What's happening: Last week, McDonald's became the latest major fast-food chain to serve plant-based burgers, saying it will test the "Big Vegan TS" in Germany. By the end of the year, such non-meat burgers will be in 7,200 Burger Kings, 1,000 Carl's Jrs., and hundreds of other fast-food joints.
- That's a lot of "imposter" burgers, as George Motz, one of the world's premier hamburger experts, calls the boom in laboratory-invented burgers. "If the next generation embraces these 100%, we will lose a sense of what a real burger should be. They are getting away from the real thing."
The big picture: The hamburger goes back to a surge of German immigrants in the 1800s. When they arrived in the U.S., they brought with them a standard cuisine — chopped meat on a plate, with gravy. In the U.S., it morphed into the Hamburg Steak, a meatball-size dollop of beef between two slices of bread.
- In the decades since, each state and region of the country has made its own twist on the burger. Similar adjustments have happened as the burger has traveled to seemingly every country in the world.

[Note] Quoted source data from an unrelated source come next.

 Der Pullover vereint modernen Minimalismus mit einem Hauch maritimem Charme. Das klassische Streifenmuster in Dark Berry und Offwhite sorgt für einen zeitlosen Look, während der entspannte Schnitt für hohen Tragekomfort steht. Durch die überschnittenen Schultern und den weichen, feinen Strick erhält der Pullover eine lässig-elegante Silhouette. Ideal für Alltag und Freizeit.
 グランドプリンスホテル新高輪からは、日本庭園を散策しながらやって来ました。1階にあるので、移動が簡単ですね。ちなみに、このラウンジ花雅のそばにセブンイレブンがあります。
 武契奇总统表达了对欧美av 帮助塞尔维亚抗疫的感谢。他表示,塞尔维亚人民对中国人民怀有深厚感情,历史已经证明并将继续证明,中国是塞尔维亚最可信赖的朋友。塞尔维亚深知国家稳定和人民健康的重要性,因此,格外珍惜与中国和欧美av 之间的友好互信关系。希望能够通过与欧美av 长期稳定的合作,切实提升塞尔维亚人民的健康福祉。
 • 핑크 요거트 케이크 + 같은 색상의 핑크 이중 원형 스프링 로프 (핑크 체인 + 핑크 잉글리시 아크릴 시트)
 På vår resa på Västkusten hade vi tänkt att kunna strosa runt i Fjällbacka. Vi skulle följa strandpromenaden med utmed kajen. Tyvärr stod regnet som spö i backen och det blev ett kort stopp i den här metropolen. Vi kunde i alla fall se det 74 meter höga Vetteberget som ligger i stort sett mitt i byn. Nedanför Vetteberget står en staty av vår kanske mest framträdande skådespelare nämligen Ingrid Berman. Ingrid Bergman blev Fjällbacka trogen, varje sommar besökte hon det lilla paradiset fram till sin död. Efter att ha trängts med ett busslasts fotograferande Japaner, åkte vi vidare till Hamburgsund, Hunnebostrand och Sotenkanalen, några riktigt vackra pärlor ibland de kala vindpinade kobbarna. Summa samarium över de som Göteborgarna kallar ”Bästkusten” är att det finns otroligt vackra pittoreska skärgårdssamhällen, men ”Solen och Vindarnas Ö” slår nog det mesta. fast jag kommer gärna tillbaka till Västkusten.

- Now, the international community is embracing the gourmet burger at places like Smashburger, Shake Shack and Five Guys.

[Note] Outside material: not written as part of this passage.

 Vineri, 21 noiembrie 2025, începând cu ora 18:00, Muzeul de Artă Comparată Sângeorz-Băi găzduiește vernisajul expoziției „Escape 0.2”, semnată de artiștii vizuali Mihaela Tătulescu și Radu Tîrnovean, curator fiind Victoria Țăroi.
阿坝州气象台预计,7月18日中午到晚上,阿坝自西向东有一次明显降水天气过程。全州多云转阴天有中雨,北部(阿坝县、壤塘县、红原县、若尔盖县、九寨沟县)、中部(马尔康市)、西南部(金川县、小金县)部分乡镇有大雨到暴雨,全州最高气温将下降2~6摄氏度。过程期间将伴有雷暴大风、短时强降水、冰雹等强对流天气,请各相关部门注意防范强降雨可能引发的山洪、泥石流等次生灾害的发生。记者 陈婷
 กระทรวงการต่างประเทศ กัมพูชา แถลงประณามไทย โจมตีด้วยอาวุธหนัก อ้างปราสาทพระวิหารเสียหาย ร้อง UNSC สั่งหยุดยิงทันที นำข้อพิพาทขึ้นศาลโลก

It may seem like people are eating less and less red meat, but that impression holds only if you compare now with the hamburger's peak years. Beef-eating crashed along with the U.S. economy starting in 2008, but has picked up fitfully year by year and is back up to the equivalent of 229 burgers a year, or 4.4 burgers a week, according to the U.S. Agriculture Department. It's a global phenomenon — from 2007-2017, the world consumed an average of 1.9% more meat each year, the Economist reports.
The somewhat jarring arrival of faux beef burgers is part of an unlikely shakeup of the country's cultural bedrock:
- There is a potential shift away from gas-guzzling trucks and SUVs to quiet electrics.

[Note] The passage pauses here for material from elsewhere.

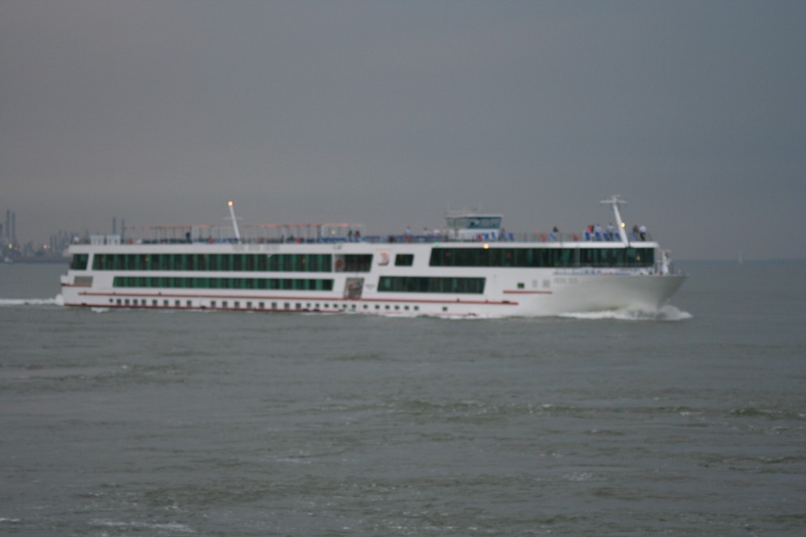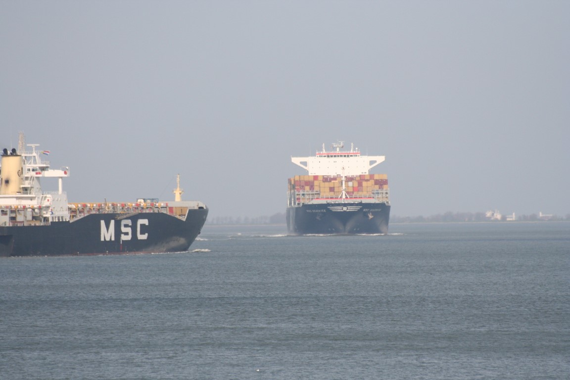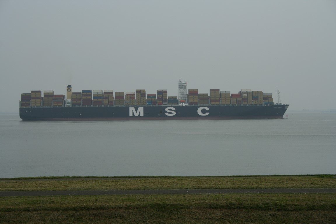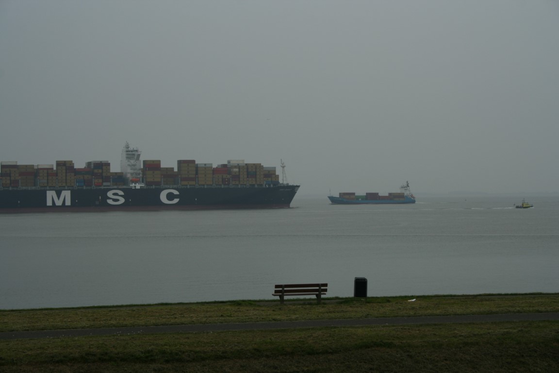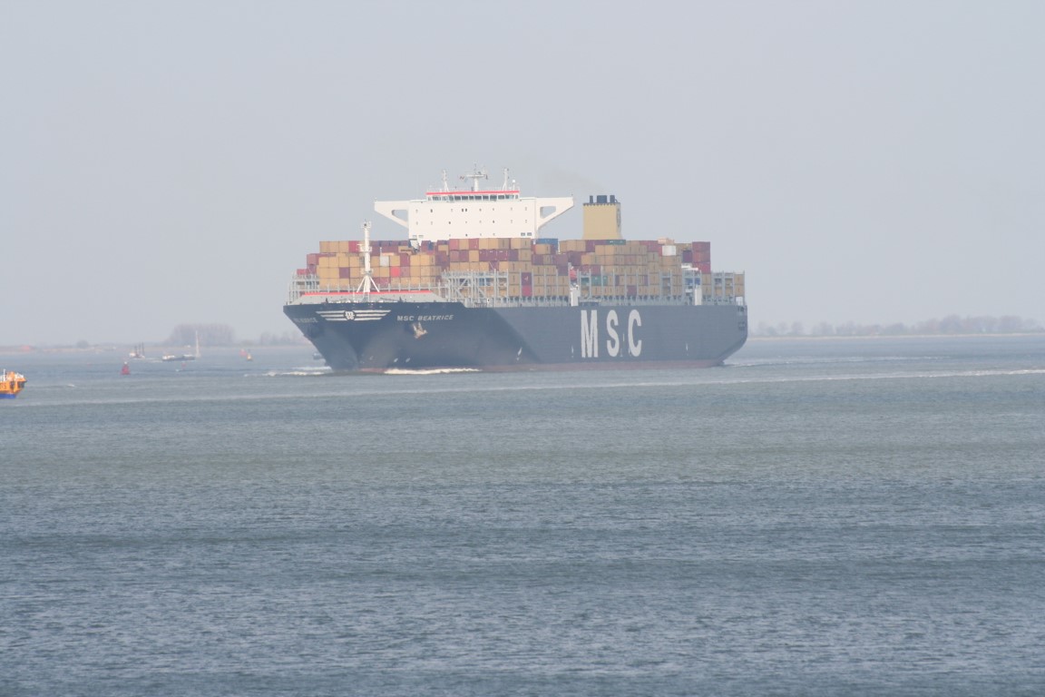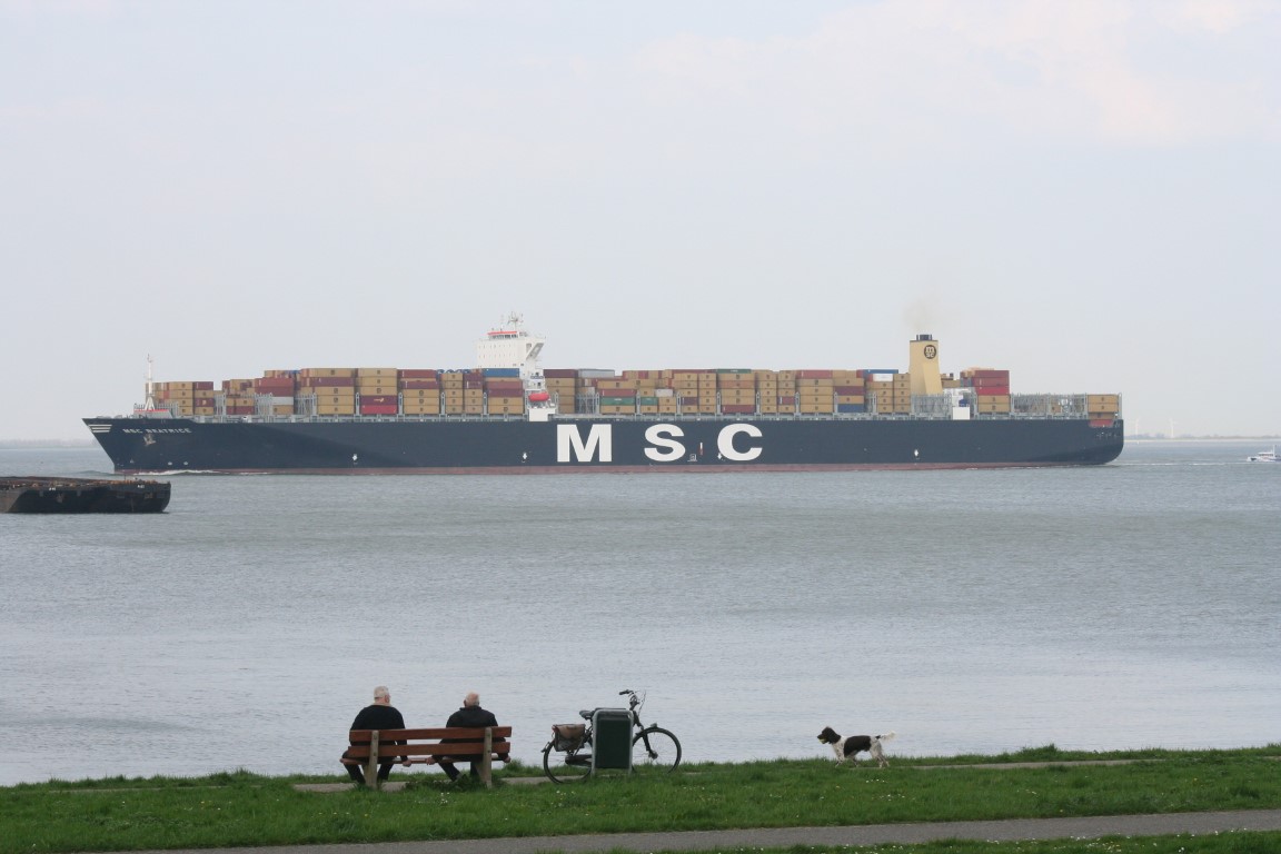 MSC Beatrice. Het eerste reuzencontainerschip in 2009 onderweg naar Antwerpen. Was toen een van de grootste containerschepen ter wereld. De belangstelling langs de waterkant was groot!

- American football — versus the international version — is losing its cachet, as teens — their parents worried about permanent injury — drop the sport. More broadly, we have seen the near-demise of the traditional pickup game of basketball (along with street baseball and touch football).
- "Americans are intensely proud of their hamburger heritage. It's one of the only American food inventions in the last 100 years," Motz tells Axios. "Now we have invented the fake hamburger."
The burger is bigger than you might think: Motz, a Brooklyn filmmaker, has built a new globe-trotting career around his expertise with hamburgers, including a movie and four books (last year, he published "Hamburger America").
- Brazilians, he says, are absolutely crazy about burgers — he says he is soon traveling to Sao Paolo to demonstrate how to grill a better burger. Then he is on his way to do the same in Copenhagen and Paris, where he is to appear at Holybelly, a diner. "I have more Instagram followers in Buenos Aires and Sao Paolo than in New York City."
- In the U.S., journalists are positioning the burger in the long culture war, with Republicans placing themselves on the side of beef-eating and suggesting that Democrats "want to kill all the cows." In February, Sebastian Gorka, the acerbic former Trump administration official, equated such thoughts with Stalinism.
Motz feels certain that, even if faux beef is taken up by lots of Americans, it will be only when they feel guilty for environmental reasons, such as the contribution of cows to climate change.
- Even millennials, the killers of mayonnaise, cheddar cheese and other American staples of bad eating, haven't — and won't — abandon the burger, he is certain.
- "Millennials require not just food but a story behind it. They have to have context." Such as nostalgia, which the burger has.